General information
- Location: Munyonyo, Kampala, Uganda
- Coordinates: 00°14′15″N 32°37′30″E﻿ / ﻿0.23750°N 32.62500°E
- Opening: 2007
- Owner: Sudhir Ruparelia
- Management: Ruparelia Group

Other information
- Number of rooms: 335
- Number of suites: 104
- Number of restaurants: 5

Website
- Homepage

= Speke Resort and Conference Center =

Building in Uganda

The Speke Resort and Conference Centre is a hotel-resort-conference-centre in Kampala, the capital and largest city of Uganda, the third-largest economy in the East African Community. It is one of the five 4-star hotels in Kampala, as rated by the Uganda Tourism Board in June 2015.

==Location==
The hotel is in the neighbourhood of Munyonyo, in Makindye Division, in the southeastern part of Kampala, Uganda's capital and largest city, along the northern shores of Lake Victoria.

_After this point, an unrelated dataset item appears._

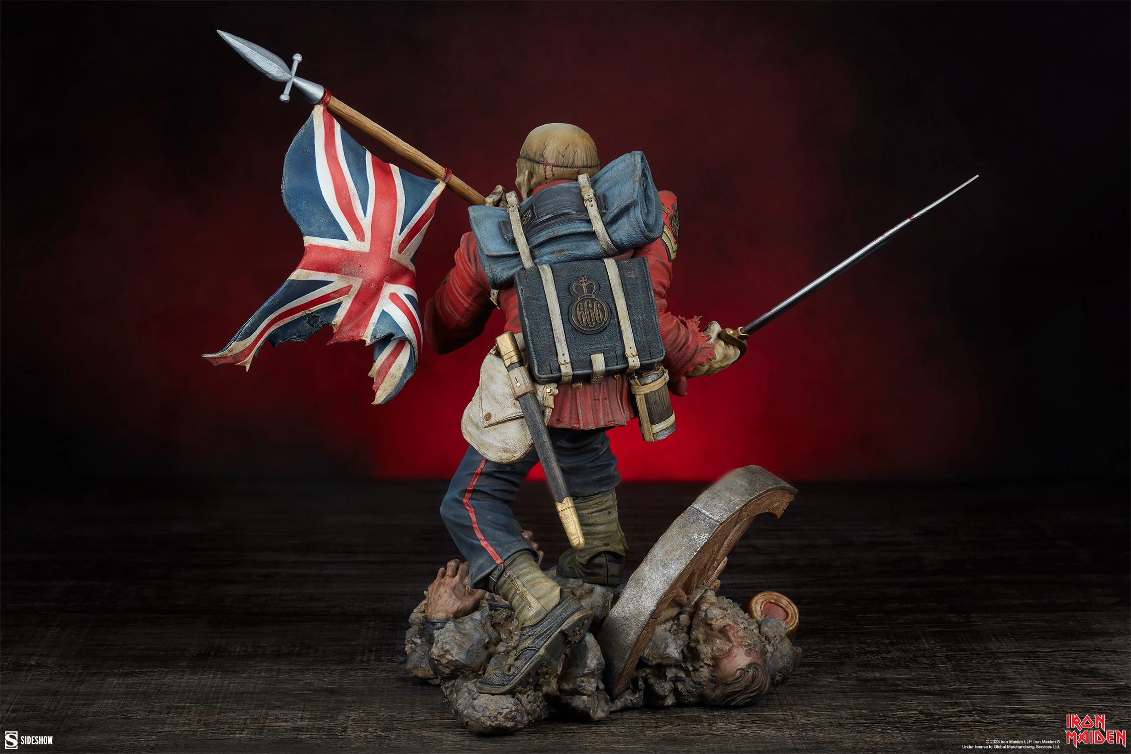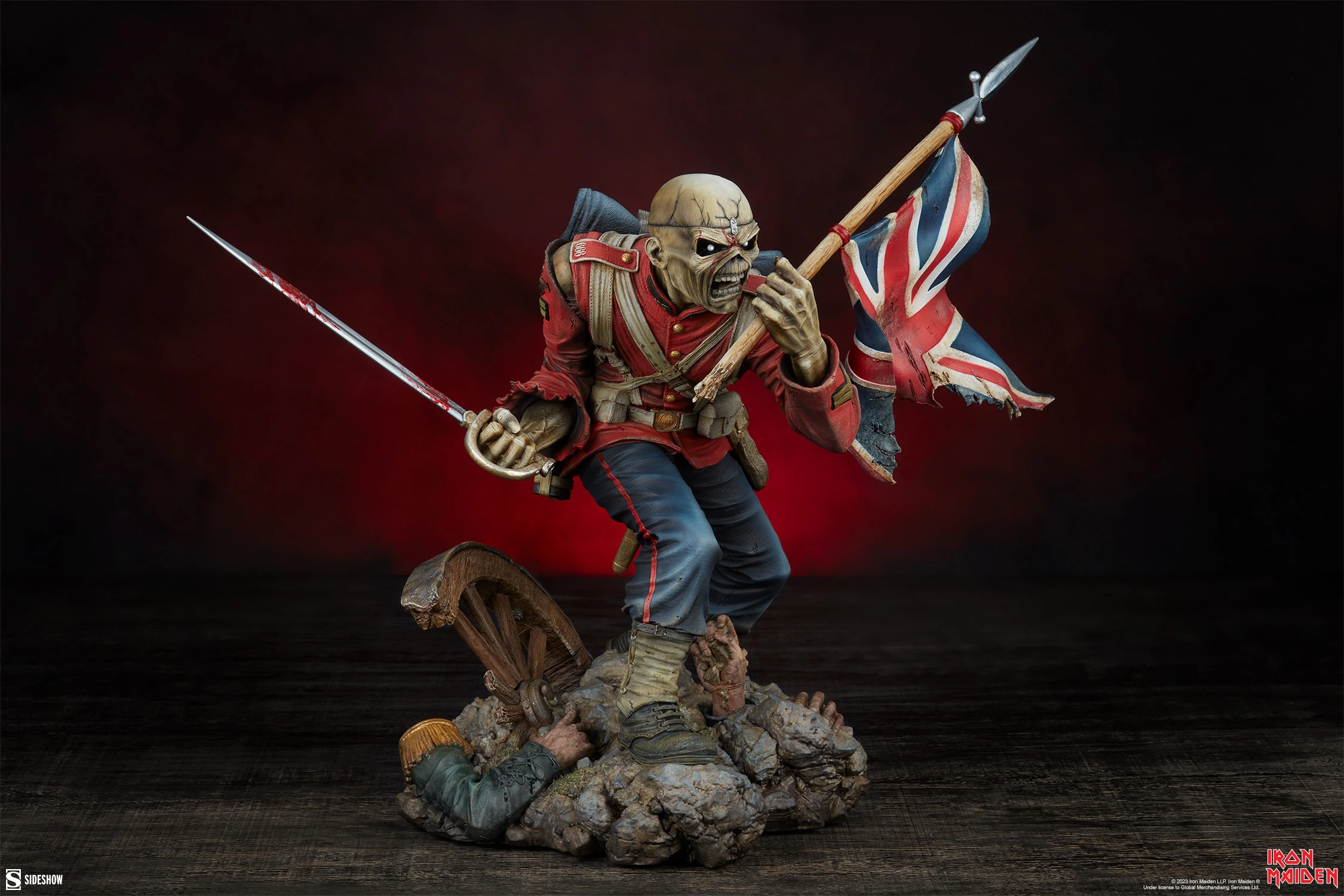 The Iron Maiden: The Trooper Eddie Premium Format Figure takes the incomparable, iconic artwork from Iron Maiden’s 1983 single “The Trooper” and turns it into a fully realized, three-dimensional statue for Iron Maiden fans featuring one of the most iconic mascots in all of music. On this battlefield, no one wins — Eddie measures 19” tall and 18” wide dressed in wartime regalia, clutching a bloodied saber in one hand and a tattered Union Jack in the other. He races forward across a battlefield base littered with fallen comrades, a broken cannon wheel, and the promise of certain death.

The resort lies adjacent to the Munyonyo Commonwealth Resort. This location is approximately 13 km, by road, southeast of Kampala's central business district. The coordinates of the hotel are 0°14'15.0"N, 32°37'30.0"E (Latitude:0.2375; Longitude:32.6250).

==Overview==
The resort was commissioned in 2007 in time to host the Commonwealth Heads of Government Meeting 2007. In 2012, the resort was valued at about US$150 million.

==Amenities==
Amenities on-site include an Olympic-size infinity swimming pool, a choice of luxury apartments, cottages, at least five restaurants, bars, an equestrian center, and a gymnasium. Accommodation consists of 335 rooms, including 55 executive suites and 59 presidential suites. Conference facilities can accommodate up to 500 guests. The marina has chauffeured and self-drive watercraft available for hire. Private yachts and boats are also accommodated. Helicopter rides for hire are also on offer. In February 2018, the hotel added 45 new suites to bring the total number of suites at the resort to 104.

==Ownership==
The hotel is a member of the Ruparelia Group.